Step 2: Image the source server
- Shutdown the source server
- Load the Clonezilla 1.2.2-26 Live CD into the CD-ROM drive of the source server and boot from it (note that in my case I used the HP Integrated Lights Out Functionality to remotely mount the ISO image on the server, and remote control the physical console see Figure 3 and 4 )
Figure 3 (HP iLO is used to mount the Clonezilla ISO on the source server)
Figure 4 (HP iLO is used to view the servers physical console as Clonezilla Boots)
- At the Clonezilla splash screen, select the appropriate screen resolution for your server (in this case 800×600 works well)
- Next you will be prompted to select the language you prefer to work in (this guide assumes English), so choose English
- Next you will be prompted to select the KeyMap you prefer to use, I choose “Don’t Touch KeyMap”
- The LiveCD will now ask if you wish to start Clonezilla or drop to the command line, you should choose to start Clonezilla (see Figure 5)
Figure 5 (Start Clonezilla)
- Clonezilla now needs to know what mode you wish to operate in, device to image or device to device. We want to use device-image. This mode can be used to create a file based image of a physical storage device in our source server, so choose device-image (see Figure 6)

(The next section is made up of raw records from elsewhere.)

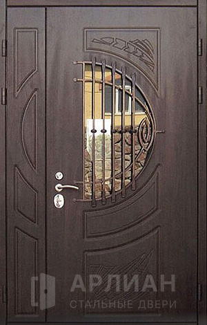 Входная дверь для загородного дома с коваными элементами №115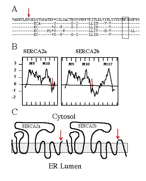 FIG. 1. A, comparison of partial SERCA2b sequences using
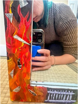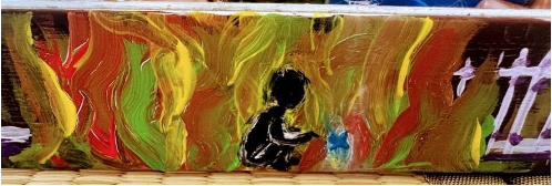 Bottom left: This fire represents anger or hatred, the motivation behind many killings. The tombstones memorialize those lost; there are also shoes, disconnected from their bodies but connected to their shadows. This represents the experience of walking through Auschwitz, seeing piles upon piles of hair, suitcases, eyeglasses, and shoes. They are only objects but their shadows, their ghosts, subsist. They were once connected to bodies.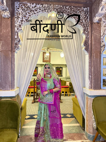 Paired with a delicately adorned odhna, this poshak strikes the perfect balance between tradition and sophistication. The subtle shimmer catches the light with every movement, making you the center of attention. Whether styled with heritage jewelry for a classic touch or minimal accessories for a modern twist, this ensemble is a celebration of timeless grace and royal charm.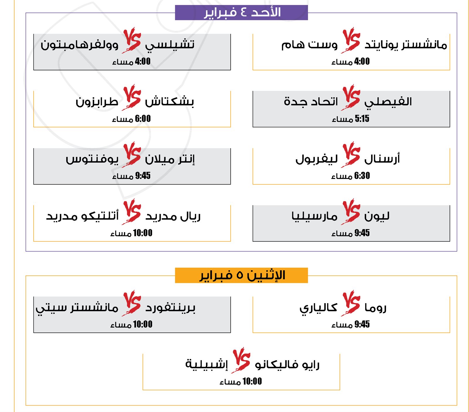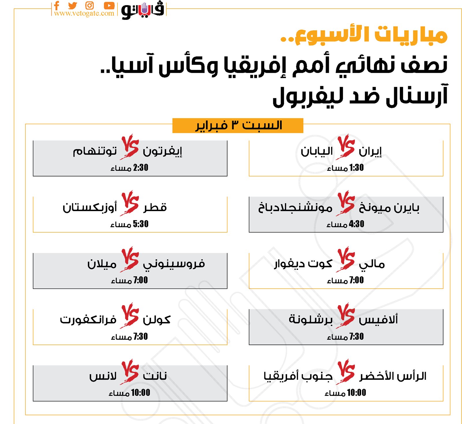مباريات الأسبوع.. نصف نهائي أمم إفريقيا وكأس آسيا.. آرسنال ضد ليفربول (إنفوجراف) الجمعة 02/فبراير/2024 - 09:00 م 2/2/2024 9:00:50 PM منتخب نيجيريا، فيتو محمد سيد شارك طباعة 18 حجم الخط شارك طباعة كأس آسيا كأس أمم أفريقيا ليفربول أرسنال ريال مدريد

Figure 6 (choose device-image mode)
- Clonezilla will now ask what it should use as the device for storing / retrieving image files. In this example we want to push the image across the network to our Windows XP client. The simplest way to do this is via the “samba_share” option which will allow us to connect to the share we set up on our Windows client earlier (see Figure 7)

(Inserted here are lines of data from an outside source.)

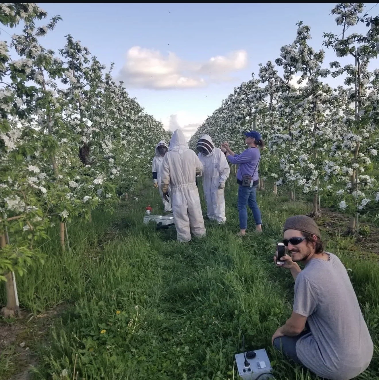 Eric keeps around 100 hives on the farm year round, these bees play a crucial role in our apples cross pollination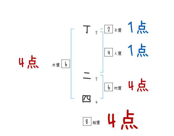 人運![]() | 丁二四さんの人運は4画の1つ星!感情が不安定で苦労するかも。周囲との協調を心掛けましょう。 性格や才能などを表す2番目に重要な運勢です。人間関係や協調性、社会的な成功に影響します。主に20歳から50歳ぐらいまでの中年期の運勢を表します。 |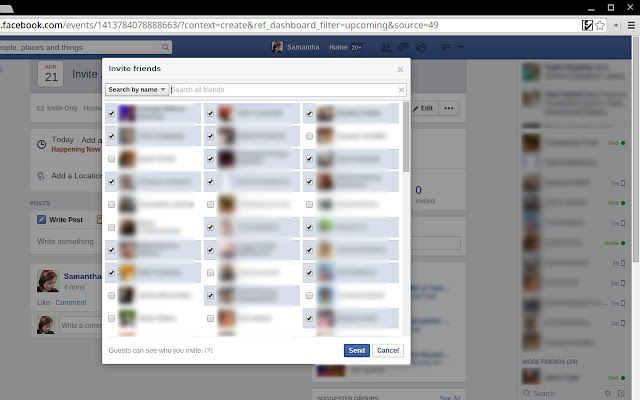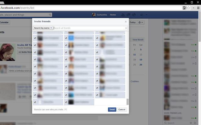 3.0.0 版是此扩展的最终版本。截至 2014 年 11 月,此扩展不适用于 Facebook。我决定停止维护这个扩展。 Facebook 的新更新有一个内置的全选功能,使这个扩展变得多余。您不再需要此扩展程序来轻松邀请朋友参加 Facebook 活动,这是个好消息!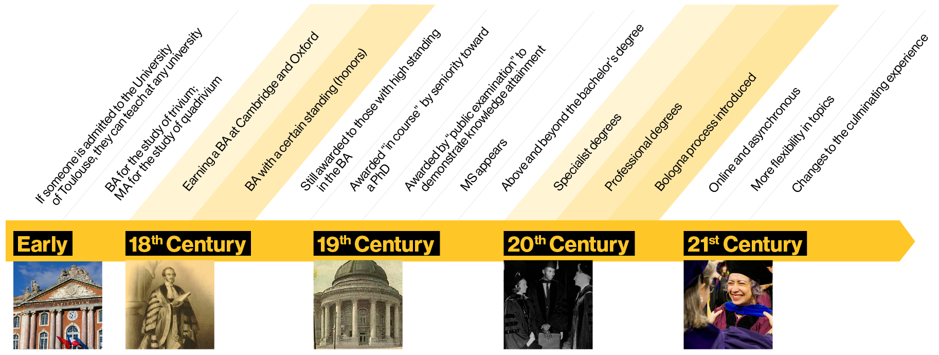 The master’s degree has roots in Europe and early North America and has evolved over the centuries. It dates to the Middle Ages when the first-known master’s degrees were awarded to individuals who studied both the trivium (grammar, rhetoric and logic) followed by the quadrivium (arithmetic, geometry, astronomy and music), which together encompassed the seven liberal arts. Students followed this path presumably for similar reasons as they do now – their career path required it, and they wanted to attain higher knowledge and stature. Earning a master’s degree (quadrivium) enabled one to teach at other European universities. By the 18th century, the master’s degree was simultaneously awarded with a bachelor’s degree from Oxford or Cambridge. The bachelor’s degrees from Oxford or Cambridge were considered superior and thus given a higher distinction. Other institutions in England subsequently awarded master’s degrees to students earning honors during their bachelor’s degree program.

Figure 7 (choose samba_server)
- As we have chosen a network location for our image file, we are now prompted for how we would like to configure the IP address to be used by Clonezilla. For this example we will use a static address (see Figure 8), and I would recommend that you don’t use the same IP address that the source NetWare server has been allocated
Figure 8 (choose how to assign a network address – we will use static)

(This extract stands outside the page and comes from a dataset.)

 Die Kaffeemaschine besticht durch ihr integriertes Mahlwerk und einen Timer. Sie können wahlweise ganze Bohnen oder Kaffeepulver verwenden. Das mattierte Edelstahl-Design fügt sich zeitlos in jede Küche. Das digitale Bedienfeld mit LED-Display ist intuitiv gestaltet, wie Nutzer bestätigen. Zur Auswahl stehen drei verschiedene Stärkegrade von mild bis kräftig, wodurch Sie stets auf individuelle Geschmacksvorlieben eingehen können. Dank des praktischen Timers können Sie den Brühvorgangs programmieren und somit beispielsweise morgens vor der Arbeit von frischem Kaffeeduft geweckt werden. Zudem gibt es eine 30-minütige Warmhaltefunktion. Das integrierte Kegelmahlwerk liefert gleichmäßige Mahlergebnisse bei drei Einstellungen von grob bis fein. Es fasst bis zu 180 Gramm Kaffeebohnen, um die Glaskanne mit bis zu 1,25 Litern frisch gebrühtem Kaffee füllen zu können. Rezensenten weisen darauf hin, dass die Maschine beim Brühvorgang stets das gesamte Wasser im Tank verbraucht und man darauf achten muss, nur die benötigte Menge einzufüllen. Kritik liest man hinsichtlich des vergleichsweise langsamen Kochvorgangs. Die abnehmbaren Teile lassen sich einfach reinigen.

- You will be prompted for the following information
- IP address for eth0 (the local IP address to assign to Clonezilla)
- Enter a valid IP address on your network and click OK (or hit enter)
- Network Mask
- Enter the network mask for your network and click OK (or hit enter)
- Default Gateway
- Enter the default gateway for your network – this is especially important if your client machine is located on a different subnet to your source server. If you do not have or need a gateway, select cancel on this dialogue (rather than OK)
- Enter the IP address of the nameserver(s) on your network. This is not required if you are connecting via IP addresses (which is the simplest way to do it). Again, clicking on cancel will bypass this parameter
- Mount Samba Server
- Enter the IP address of your Windows XP client machine (the location where you created the Windows Share earlier) and click OK (See Figure 9.)
Figure 9 (Enter the address of the machine that will receive the image file)
- Samba Server Domain
- If your windows XP client belongs to an Active Directory or NT domain, this is where you specify its name. If your client is simply in a workgroup you can leave this dialogue empty and click cancel (my client was in a workgroup so I have not tested how domain membership affects connectivity)
- Samba Server User Name
- Enter the username of a user on your Windows client that has permissions to connect to the share you configured earlier (see Figure 10)
Figure 10 (Enter the username to connect to your Windows share as)
- Samba Share Name (Directory Name)
- Enter the name of the share that you created on your Windows client (see Figure 11) – i.e the name of the share you will connect to for saving the image
Figure 11 (Enter the name of the share you created on your Windows client)
- Finally you will be prompted for the password (of the user account specified above) to be used to connect to the share on your Windows client. If the connection is successful you will see a filesystem summary displayed that shows your Windows share mapped to /home/partimag on the Clonezilla machine (see Figure 12). Hit enter to continue.
Figure 12 (Clonezilla successfully mounted our Windows share)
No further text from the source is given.